During the H2020 project ILUCIDARE to promote cultural heritage-led innovation and international relations, we identified the importance of cultural heritage within international relations, especially conflicts. Cultural heritage represents a nation’s identity and cultural memory, which is why it is often subjected to become the target of aggression; the destruction of a country’s cultural heritage brings damage to its cultural identity. For these reasons, the EU provides a series of support to safeguard Ukraine’s cultural heritage.

Emergency equipment for the protection of Ukrainian cultural heritage are delivered under the EU Civil Protection Mechanism[3], which is a cooperation between the EU countries and Iceland, Norway, Serbia, North Macedonia, Montenegro, and Turkey on civil protection to improve prevention, preparedness, and response to disasters. Ukraine is now included in this initiative to ensure speedy and necessary support for its heritage during the time of war.

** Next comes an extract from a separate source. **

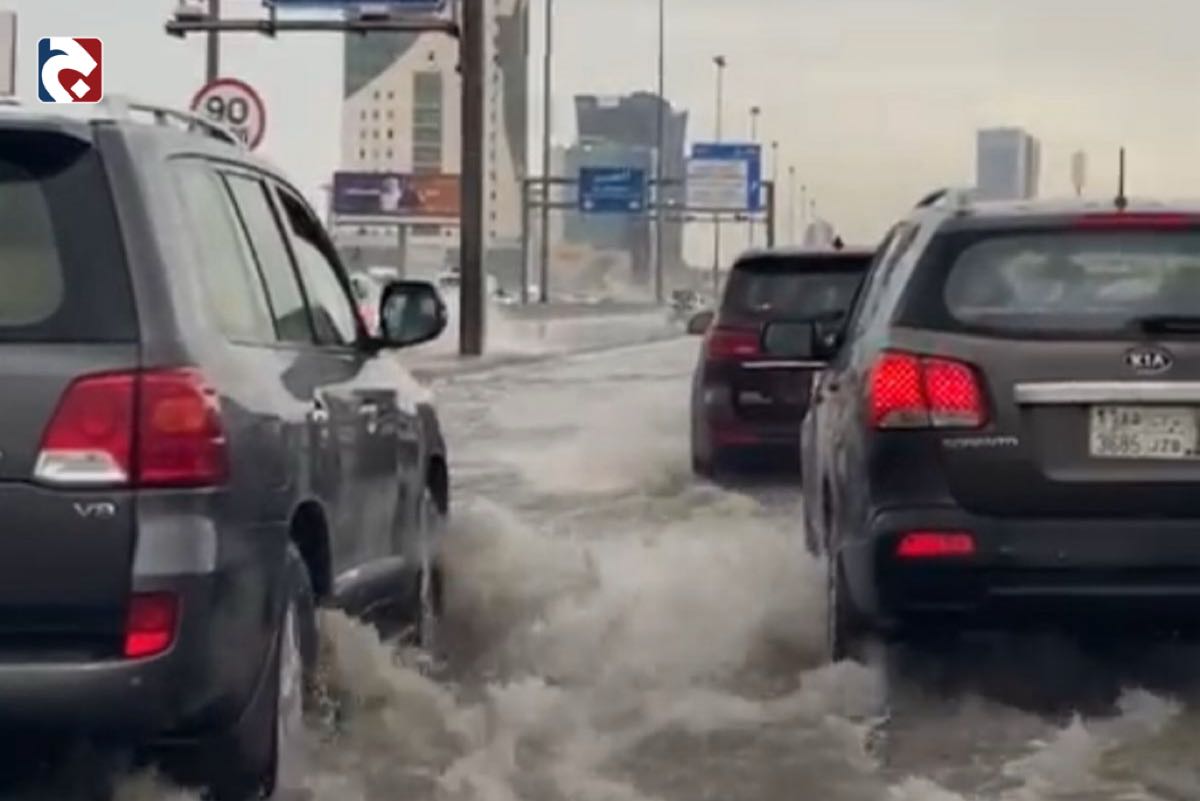 ورصدت عدسات الكاميرات مشاهد لمركبات تعكس مسارها هربًا من تجمعات المياه المتراكمة على الطريق، فضلًا عن الازدحام الشديد الناتج عن إغلاق الأنفاق في الدمام.

The European Competence Centre for Cultural Heritage (4CH) has launched “Save the Ukraine Monuments”,[4] an initiative to save the digital documentation of Ukrainian cultural heritage, to preserve its memory and support the future restoration of assets from the damages caused by the war. In addition, Europeana is supporting the Ukrainian digital cultural heritage through a joint Task Force from the Europeana Foundation, Europeana Network Association and Europeana Aggregators’ Forum.[5]

The EU’s effort to safeguard Ukraine’s heritage spans from top-down approaches to bottom-up awareness raising. The #ARTvsWAR campaign launched by the EU (EEAS)[6] on 18 April 2022 is drawing public attention to the destruction of cultural heritage, initiatives to preserve it and the vibrancy and resilience of Ukrainian artists, cultural professionals and citizens in general.


Our responsibility as part of the European CCS industry

KEA acknowledges our responsibilities to contribute our knowledge and expertise to the promotion of culture and to address global challenges. Artists and cultural workers are in a special position to raise awareness and generate solidarity required to stand together against the challenge of war. As the CCS becomes increasingly international and influential, it has the capacity to reach out to help the culture and the people in need in Ukraine. We ought to foster our capacities, from our networks to our know-hows to make sure the windows opened by the European Institutions reach their full potential. It’s the time to be pro-active and not let these efforts go in vain.

The EU and Ukraine share many bonds in their culture and cultural identities. At this devastating time of war, it is by joining forces and acting together that the rich culture of Ukraine, as well as the cultural diversity of Europe, can be preserved for the present and for the generations to come.